Work instructions – Pictures aside, quote the whole listing exactly.
---- Information shown
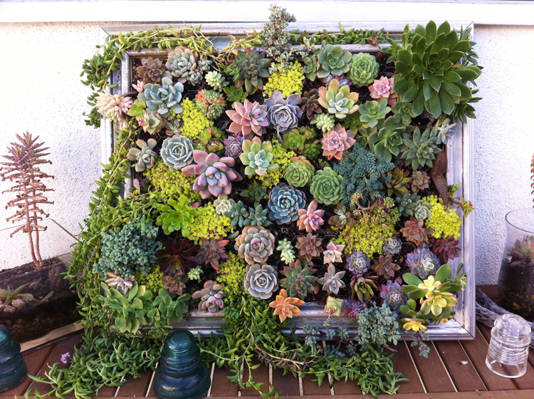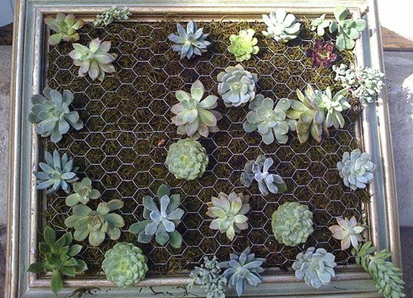 10. Когда композиция будет готова, не спешите вешать её на стену. Оставьте раму на 2 недели в горизонтальном положении, чтобы суккуленты хорошо укрепились в почве своими корнями.
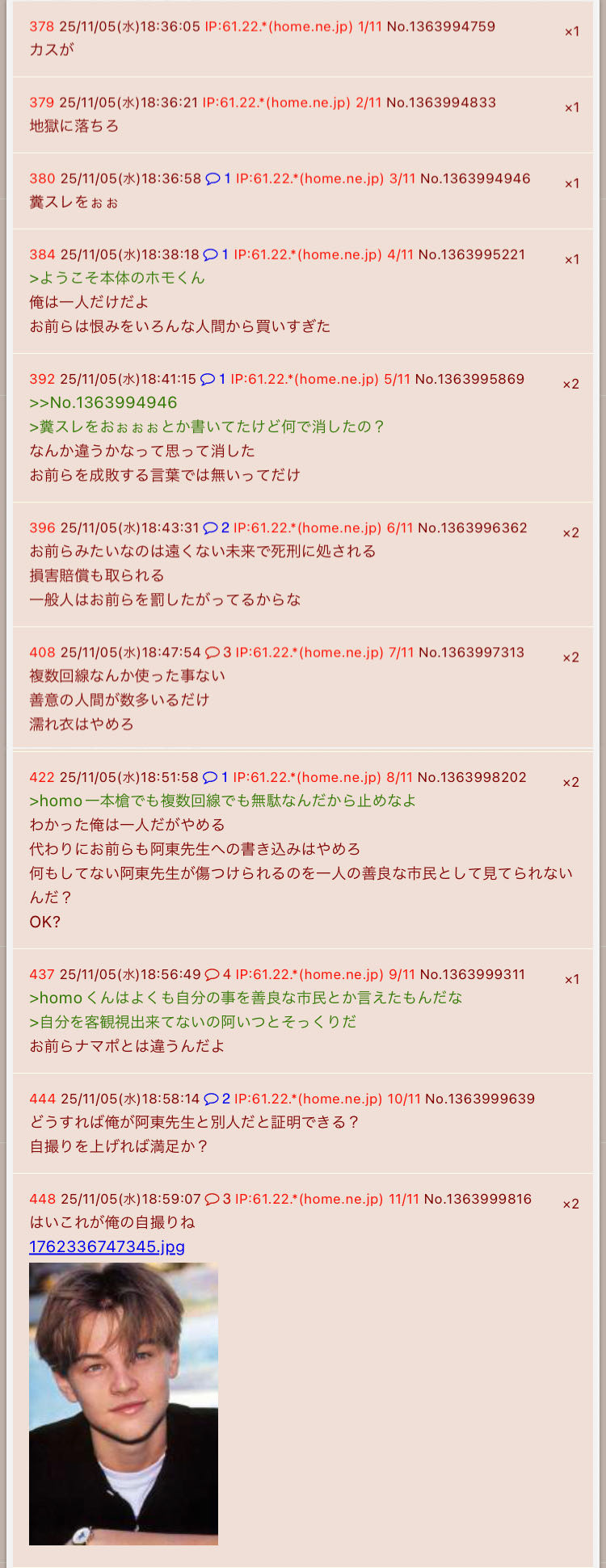 | … | 377無念Nameとしあき sage25/11/05(水)22:59:24 IP:153.231.*(ocn.ne.jp)No.1364068154そうだねx10らおんは性格最悪で辻アドする最低のパクリ野郎だけど |
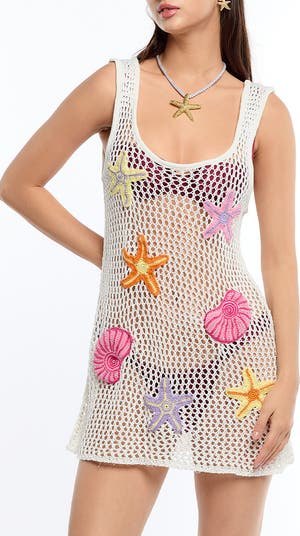Handcrafted by Peruvian artisans, this flower-powered cover-up is offered in an airy open stitch.
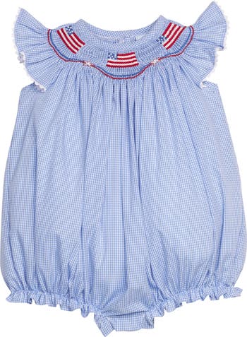 Our Smocked Bishop Bubble features beautiful smocking across the neck-line and a flutter sleeve. Big sisters can coordinate in our Smocked Bishop Dress!
--------
Completed exercise –
 10. Когда композиция будет готова, не спешите вешать её на стену. Оставьте раму на 2 недели в горизонтальном положении, чтобы суккуленты хорошо укрепились в почве своими корнями.
 | … | 377無念Nameとしあき sage25/11/05(水)22:59:24 IP:153.231.*(ocn.ne.jp)No.1364068154そうだねx10らおんは性格最悪で辻アドする最低のパクリ野郎だけど |
Handcrafted by Peruvian artisans, this flower-powered cover-up is offered in an airy open stitch.
 Our Smocked Bishop Bubble features beautiful smocking across the neck-line and a flutter sleeve. Big sisters can coordinate in our Smocked Bishop Dress!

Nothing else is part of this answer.